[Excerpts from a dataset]
+-------+

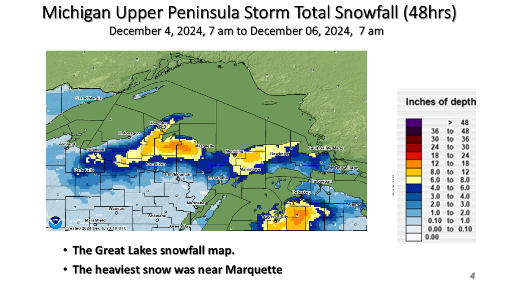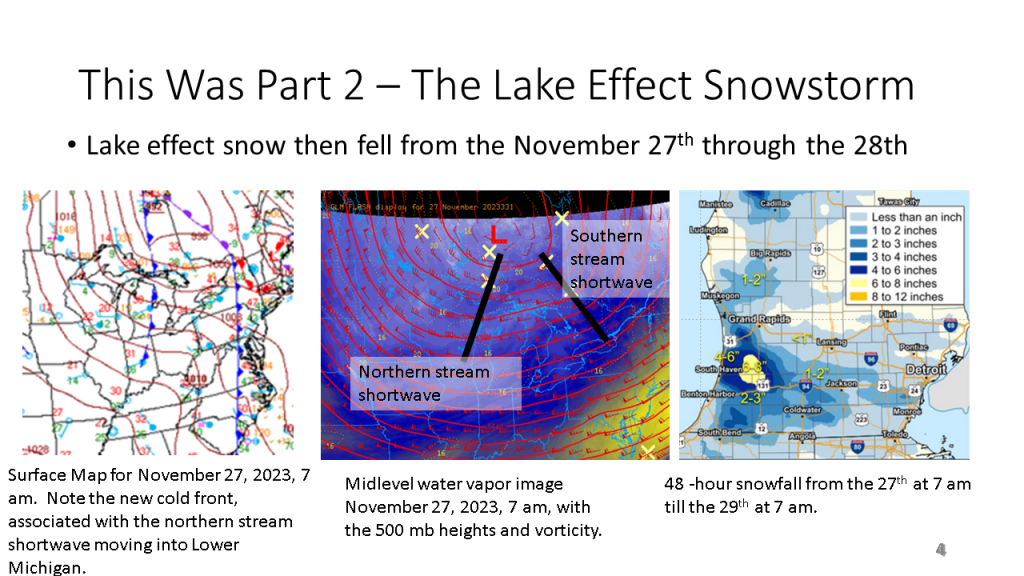 There was a southern stream shortwave that brought 1 to 3 inches of snow to the southern Great Lakes on Sunday. However most of the snow fell from lake effect as the coldest air of the season crossed the relatively warm water of the Great Lakes (mostly in the 40s) Monday into Tuesday. The heaviest snowfall was were the west to northwest wind was forced up-slope over northern Lower Michigan but even more so over the Tug Hill Plateau of western New York were over a 1 1/2 feet of snow fell.
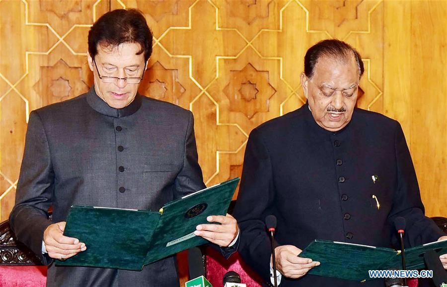 ISLAMABAD, Aug. 18 (Xinhua) -- Cricket star-turned-politician Imran Khan on Saturday morning took the oath of office of Pakistan's prime minister at the President House in the capital Islamabad.
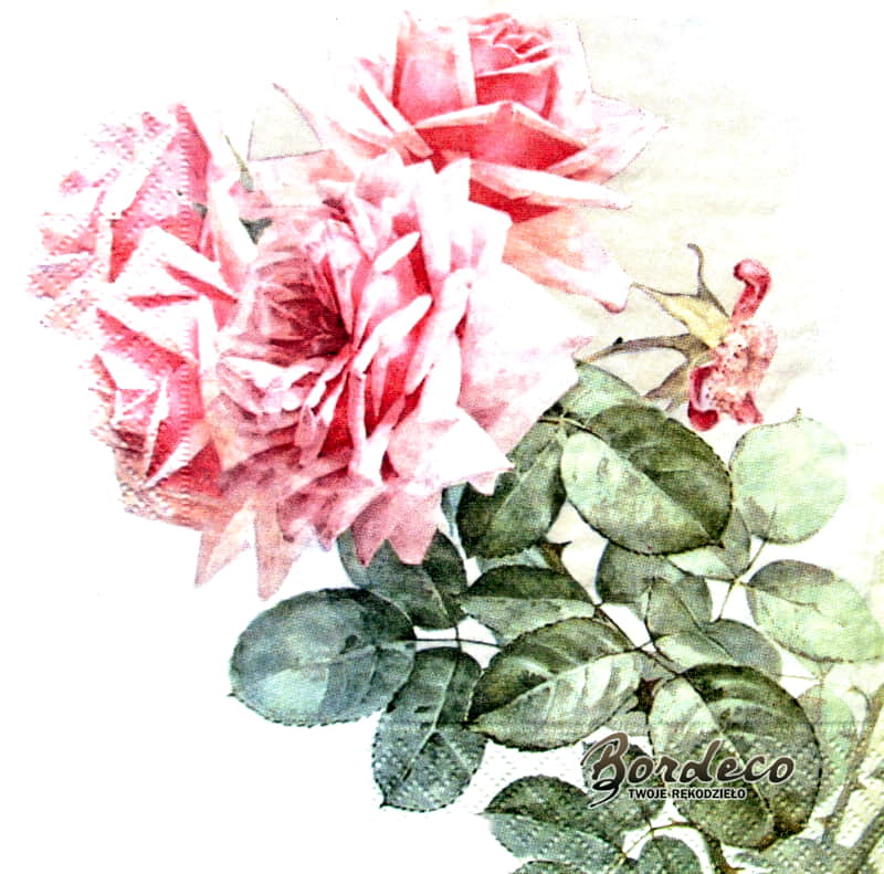 Serwetka do decoupage firmy SAGEN w stylu Vintage z motywem położonych skośnie gałązek dużych róż 33x33cm.
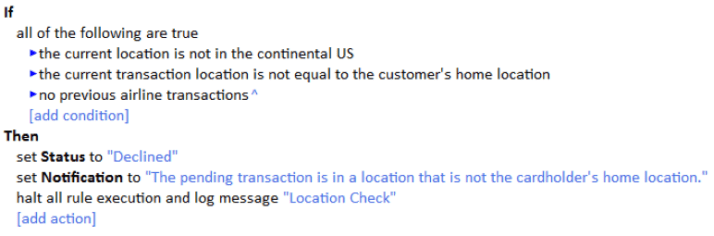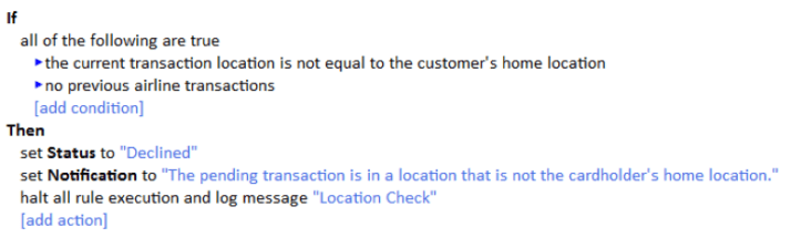 Scenarios like this may be legitimate, but what if I, as the consumer, want to be the one who adjusts the parameters that trigger a fraud alert? Maybe I’m going on a family vacation and I know there are going to be some hefty transactions north of the $500 line. If this application was self-service, I could tweak that rule so that I wouldn’t get notified or my card wouldn’t get deactivated while I’m on that vacation. And speaking of travel, we could even create rules to account for something like the following:
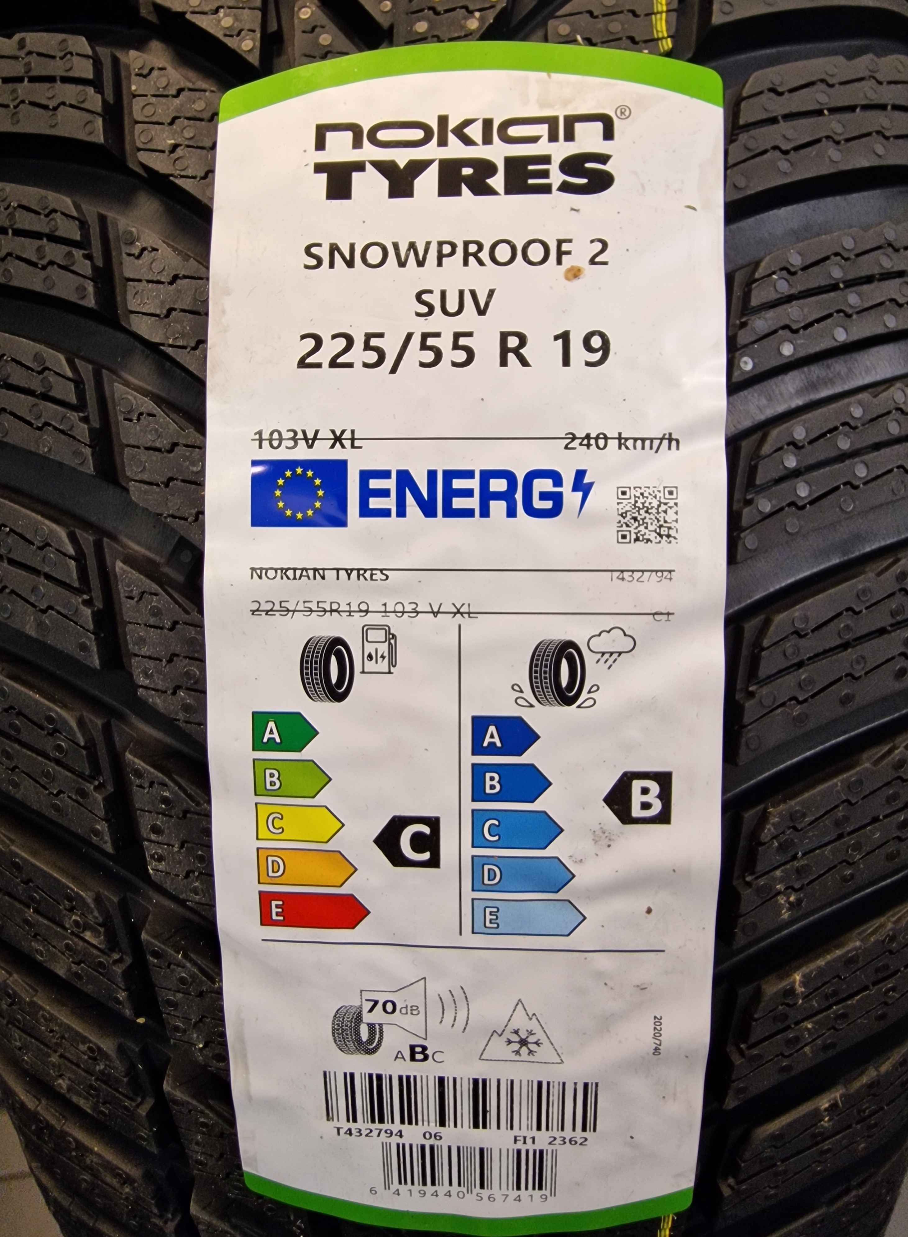 • 4 nowe 19 calowe opony zimowe Nokian WR Snowproof 2 SUV w rozmiarze 225/55R19 103V XL (klasa C, B, 70Db)
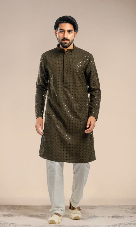 MEHENDI SEQUIN EMBELLISHED CHIKANKARI KURTA
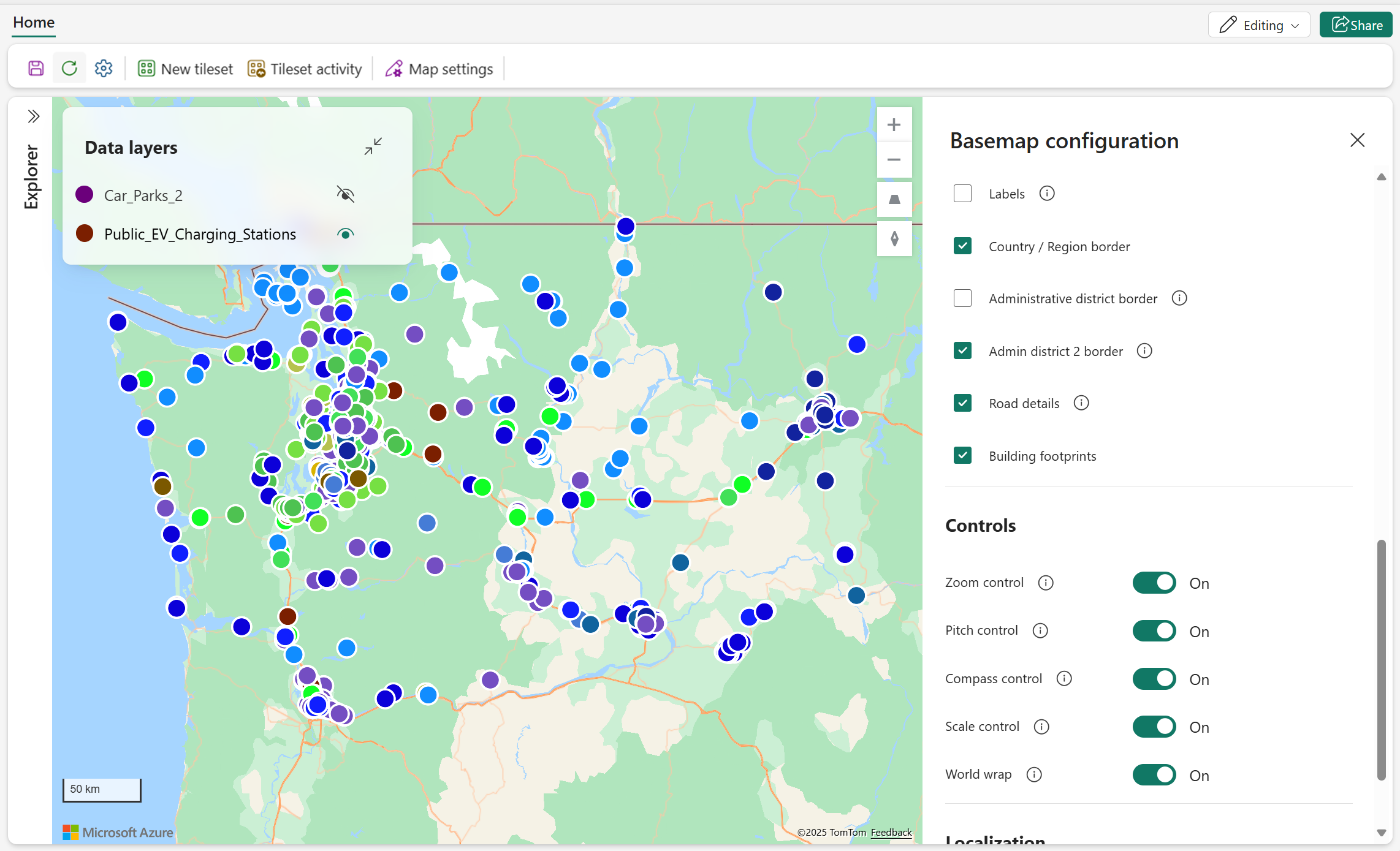 Microsoft Fabric Maps bietet eine umfassende Reihe von Optionen zum Anpassen der Karte und Anzeige. Standardmäßig ist das Kartenformat auf Graustufenlicht festgelegt, Sie können jedoch ganz einfach den Kartenstil ändern und die Sichtbarkeit verschiedener Kartenelemente umschalten. Weitere Anpassungsoptionen umfassen das Hinzufügen interaktiver Steuerelemente, das Festlegen der anfänglichen Kartenansicht und das Auswählen einer Anzeigesprache, die den Anforderungen der Benutzergruppe der Karte am besten entspricht.

+-------+

WORK TASK — Exclude the pictures. Write out the remaining data exactly.

RESPONSE —
 There was a southern stream shortwave that brought 1 to 3 inches of snow to the southern Great Lakes on Sunday. However most of the snow fell from lake effect as the coldest air of the season crossed the relatively warm water of the Great Lakes (mostly in the 40s) Monday into Tuesday. The heaviest snowfall was were the west to northwest wind was forced up-slope over northern Lower Michigan but even more so over the Tug Hill Plateau of western New York were over a 1 1/2 feet of snow fell.
 ISLAMABAD, Aug. 18 (Xinhua) -- Cricket star-turned-politician Imran Khan on Saturday morning took the oath of office of Pakistan's prime minister at the President House in the capital Islamabad.
 Serwetka do decoupage firmy SAGEN w stylu Vintage z motywem położonych skośnie gałązek dużych róż 33x33cm.
 Scenarios like this may be legitimate, but what if I, as the consumer, want to be the one who adjusts the parameters that trigger a fraud alert? Maybe I’m going on a family vacation and I know there are going to be some hefty transactions north of the $500 line. If this application was self-service, I could tweak that rule so that I wouldn’t get notified or my card wouldn’t get deactivated while I’m on that vacation. And speaking of travel, we could even create rules to account for something like the following:
 • 4 nowe 19 calowe opony zimowe Nokian WR Snowproof 2 SUV w rozmiarze 225/55R19 103V XL (klasa C, B, 70Db)
 MEHENDI SEQUIN EMBELLISHED CHIKANKARI KURTA
 Microsoft Fabric Maps bietet eine umfassende Reihe von Optionen zum Anpassen der Karte und Anzeige. Standardmäßig ist das Kartenformat auf Graustufenlicht festgelegt, Sie können jedoch ganz einfach den Kartenstil ändern und die Sichtbarkeit verschiedener Kartenelemente umschalten. Weitere Anpassungsoptionen umfassen das Hinzufügen interaktiver Steuerelemente, das Festlegen der anfänglichen Kartenansicht und das Auswählen einer Anzeigesprache, die den Anforderungen der Benutzergruppe der Karte am besten entspricht.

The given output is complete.